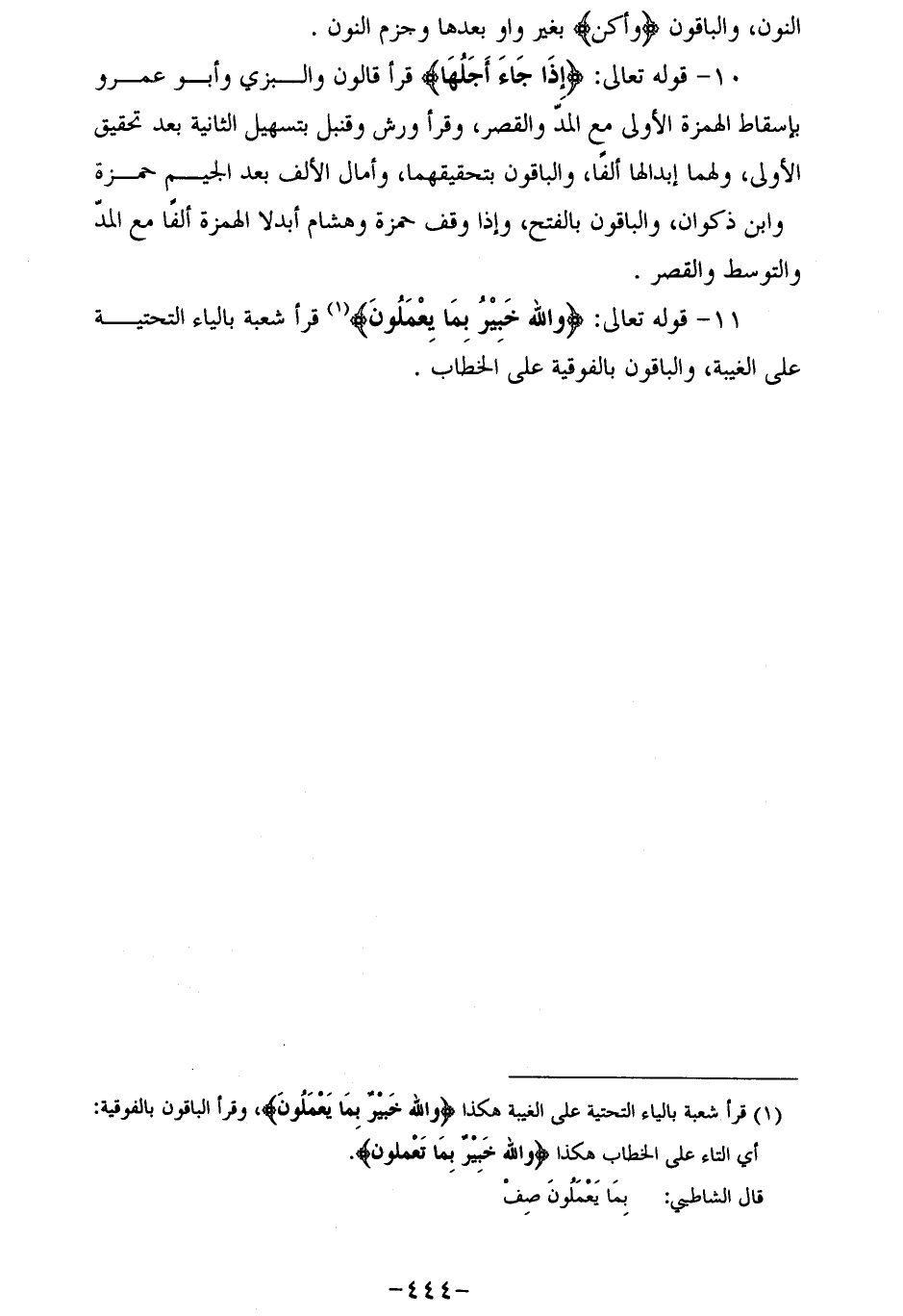 11 - قوله تعالى: (والله خبير بما يعملون) (¬1) قرأ شعبة بالياء التحتية على الغيبة، والباقون بالفوقية على الخطاب.
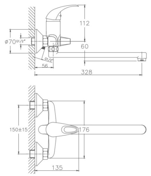 Керамический картридж 35 мм.Диаметр декоративных чашек 70 мм.Душевой гарнитур в комплекте.Межосевое расстояние (расстояние между выходом горячей и холодной трубы) 150 мм.Данное расстояние изменяется за счет входящих в комплект эксцентриков на 15 мм в большую или меньшую стороны.
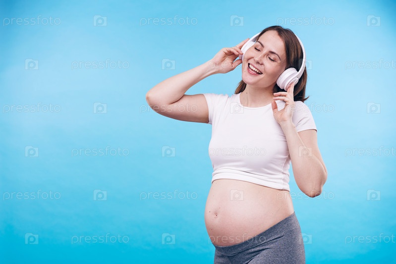 Молодая беременная женщина с наушниками поет одну из своих любимых песен
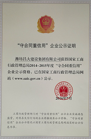 | 集团获国家级“守合同重信用企业”公示资格 根据市场发展部提供的消息,近日,集团公司获得国家级“守合同重信用企业”公示资格,公示资格到2018年7月份有效。 国家级“守合同重信用”企业公示,是由国务院直属机构国家工商行政管理总局组织的企业合同信用考核评价活动,考核评价体系包括企业合同签约和履行情况、企业信用管理情况、知识产权认证等品牌经营建设情况、企业经济效益、公益捐赠等企业社会责任情况等。申报公示流程由企业申报,市级工商部门内部科室联合审核,并函询劳动、税务、环保、安监、质量、金融、审判等部门和机关后,经过对各相关指标按照权重进行计算自动生成考核分数,并由省级工商行政管理部门从申报企业考核分数中由高到低,择优推荐,最终由国家总局审批公布。 全国“守合同重信用企业”公示活动,每两年组织一次,公示资格实行动态管理,据悉,本次公示活动的考评依据是公示企业2014-2015年度企业数据。 集团公司获得本次公示资格,对进一步提升集团公司社会信誉,积极参与工程投标竞标将起到积极的作用。
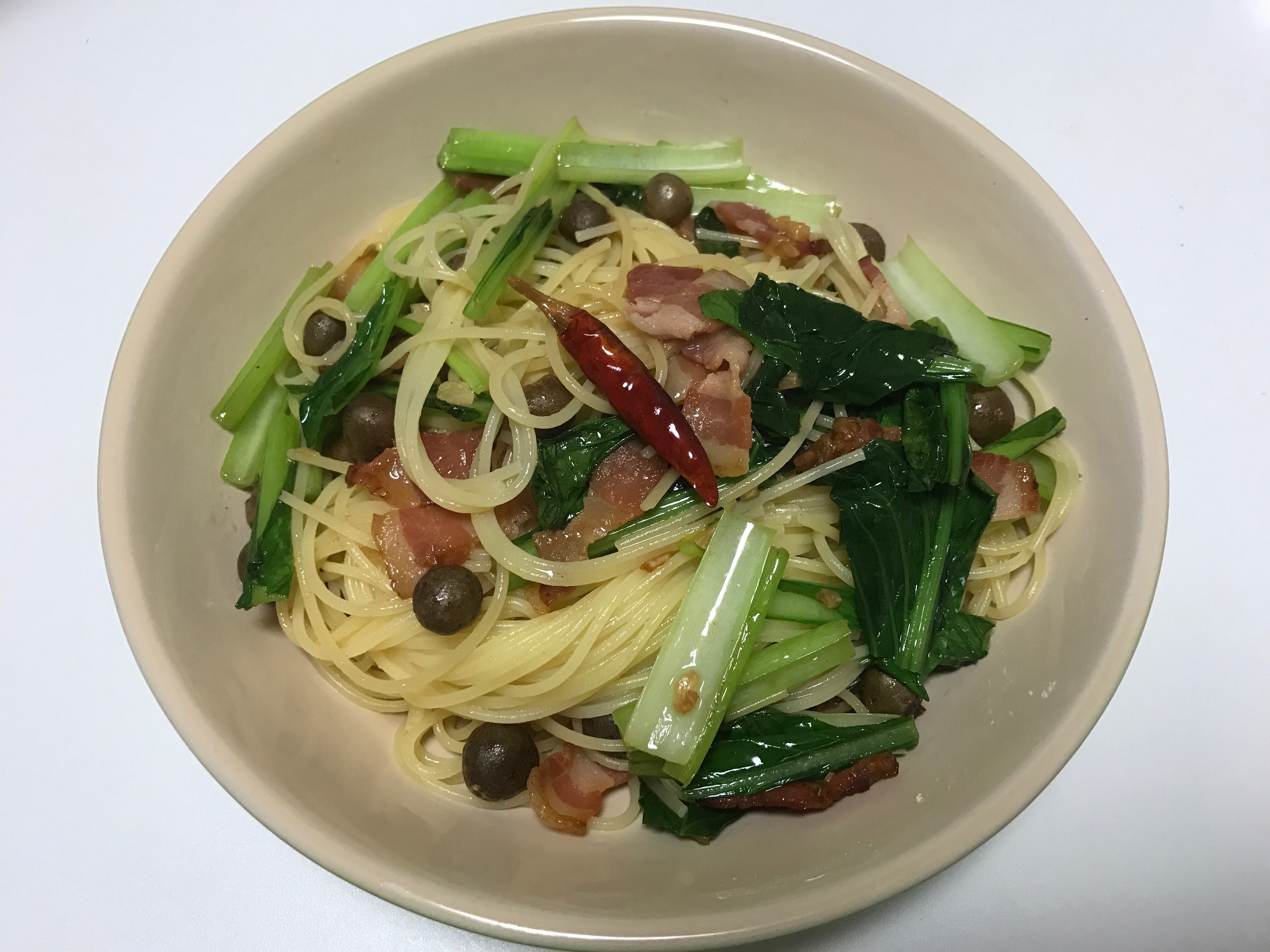 - 3cmほどに切った小松菜を合わせさっと炒め、スパゲッテイの茹で汁を足す
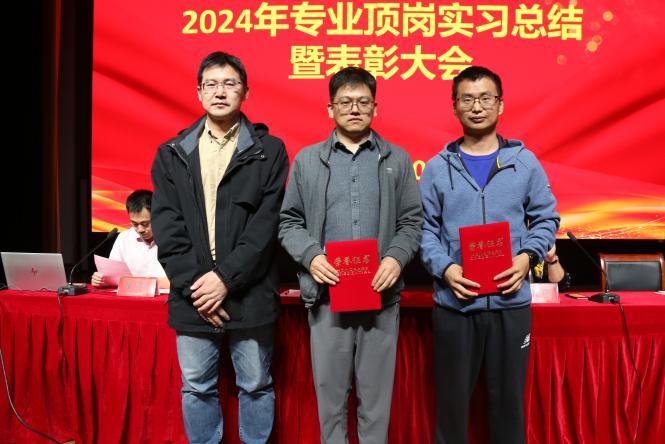 在顶岗实习的历练中,众多学生展现了吃苦耐劳、脚踏实地、敬业爱岗的优秀品质。为表彰先进,激励更多学生积极参与并投身于顶岗实习,大会隆重揭晓了企业实践优秀指导教师、优秀教研室、学生标兵及优秀学员名单。蒋立正给获奖教师及教研室代表颁发荣誉证书,教务处周平老师为优秀学员及学生标兵授奖,并和大家合影留念。
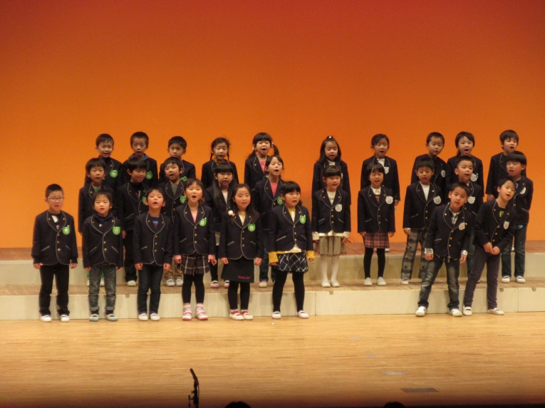 休憩をはさんで2部が始まります。2部は楽器あそびと歌。「365日の紙飛行機」は先生のピアノとキーボードに合わせてそれぞれの楽器を演奏しました。パートをしっかりと守って耳を澄ませて、リズムを取って、音を楽しめたかな? 年長クラスの鍵盤ハーモニカ演奏「きらきら星」に続いて、歌「たんぽぽ」 年中・年長クラスの歌「みどりの風と青い空」 年少・年中・年長クラスの歌「ありがとうの花」・・・みんなの歌声・・心を込めて大好きな人へ、遠い所で見守ってくれている人へ届きますように。

....................

Nothing but the lines from the line with "- 3cmほどに切った小松菜を合わせさっと炒め、スパゲッテイの茹で汁を足す" through the last line of the listing above should be repeated, and pictures should be left out.

 - 3cmほどに切った小松菜を合わせさっと炒め、スパゲッテイの茹で汁を足す
 在顶岗实习的历练中,众多学生展现了吃苦耐劳、脚踏实地、敬业爱岗的优秀品质。为表彰先进,激励更多学生积极参与并投身于顶岗实习,大会隆重揭晓了企业实践优秀指导教师、优秀教研室、学生标兵及优秀学员名单。蒋立正给获奖教师及教研室代表颁发荣誉证书,教务处周平老师为优秀学员及学生标兵授奖,并和大家合影留念。
 休憩をはさんで2部が始まります。2部は楽器あそびと歌。「365日の紙飛行機」は先生のピアノとキーボードに合わせてそれぞれの楽器を演奏しました。パートをしっかりと守って耳を澄ませて、リズムを取って、音を楽しめたかな? 年長クラスの鍵盤ハーモニカ演奏「きらきら星」に続いて、歌「たんぽぽ」 年中・年長クラスの歌「みどりの風と青い空」 年少・年中・年長クラスの歌「ありがとうの花」・・・みんなの歌声・・心を込めて大好きな人へ、遠い所で見守ってくれている人へ届きますように。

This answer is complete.